Hacker News new | ask | show | jobs
by _vegp 4250 days ago
So this situation happens in the news world all the time. While a company or agency has original databases, excel sheets, what have you - they don't consider that publishing them in a "human-readable" format is nearly the same thing as publishing the raw data. Try calling the place for a copy, and they'll hang up on you. But, they won't think that a crafty outsider can probably reconstruct the original by scraping.

What's particularly interesting here is guessing the motivation behind publishing. Was the information a trade secret, or did a middle-manager want to show that their team is ahead of the others? Or are these feathers to show the company has the know-how and capability?

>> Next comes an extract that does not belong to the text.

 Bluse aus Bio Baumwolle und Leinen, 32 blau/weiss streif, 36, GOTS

In either case, most of the web-published data isn't initially considered as published data by the publishers, who in turn don't think to state any restrictions governing the data. That's when we scrape and make use of it - and even if there are restrictions on republishing, you can still perform and claim transformative derivative work.

The fun legalese part is what happens when they discover what you're doing and try to lash out, or interrupt a standing scrape. One time, all it took to unblock access was to show up at a meeting and get yelled at by a police captain for 30 minutes. Our retort started with "In the interest of public safety, ..."

1 comments

> One time, all it took to unblock access was to show up at a meeting and get yelled at by a police captain for 30 minutes. Our retort started with "In the interest of public safety, ..."

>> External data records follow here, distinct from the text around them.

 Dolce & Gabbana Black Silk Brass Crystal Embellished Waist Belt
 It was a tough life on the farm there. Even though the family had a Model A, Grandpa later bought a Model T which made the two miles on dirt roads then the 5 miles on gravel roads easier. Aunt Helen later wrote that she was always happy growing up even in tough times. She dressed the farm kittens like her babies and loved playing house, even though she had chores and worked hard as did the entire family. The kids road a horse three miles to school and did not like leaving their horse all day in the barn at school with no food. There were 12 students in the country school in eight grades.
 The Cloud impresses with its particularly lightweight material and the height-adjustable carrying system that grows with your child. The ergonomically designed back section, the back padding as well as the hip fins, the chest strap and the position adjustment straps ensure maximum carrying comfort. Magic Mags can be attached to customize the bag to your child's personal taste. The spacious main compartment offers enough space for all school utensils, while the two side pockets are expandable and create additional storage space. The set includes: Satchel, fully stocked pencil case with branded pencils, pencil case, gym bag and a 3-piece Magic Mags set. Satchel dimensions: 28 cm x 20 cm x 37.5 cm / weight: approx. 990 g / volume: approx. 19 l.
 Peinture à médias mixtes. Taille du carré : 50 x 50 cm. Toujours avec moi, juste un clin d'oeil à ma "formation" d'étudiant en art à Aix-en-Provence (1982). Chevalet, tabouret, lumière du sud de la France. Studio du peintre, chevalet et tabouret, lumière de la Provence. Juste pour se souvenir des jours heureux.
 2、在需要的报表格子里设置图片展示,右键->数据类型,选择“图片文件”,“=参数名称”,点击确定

I'd like to hear more about your example.

Well, the PD found out that we were scraping and publishing data when a superior asked them about it. They were embarrassed and ambushed. Imagine your boss asking you "hey data guy, when did we start sending data to the paper?"

The data itself was public safety information and there was every reason to publish it. Anyhow, our access got cut off and when we inquired about it, they setup a meeting at their headquarters instead of providing any answers. That morning, I showed up at their deathstar-looking building with my editor and we spent 30 minutes getting chewed out by guys in uniforms, suits and badges for "incorrect geocoding" and other false information that we were publishing.

We said that yes, there were some errors but that we took every reasonable attempt to validate it (see http://pp19dd.com/2009/02/vessels-in-distress/). After the guy running the show vented, he showed us the proper way to geocode and correct errors during which time I was thinking "uh, why not send us the lat/lng that you're showing us here, instead of berating us?"

The compromise was that they'd add "precint zone" information to the dataset, and we could proceed so long as we checked whether a geocoded point was within the zone. We promised to check this process with a point-in-polygon algorithm, and the guy was happy as a clam that we took note of his work and gave him respect. After that, he eased up and showed us some of the other cool stuff the PD data guys were working on. For example, they pre-plot escape vectors for burglaries so when cops are dispatched, they first go to where bad guys are likely running to, not where they ran from.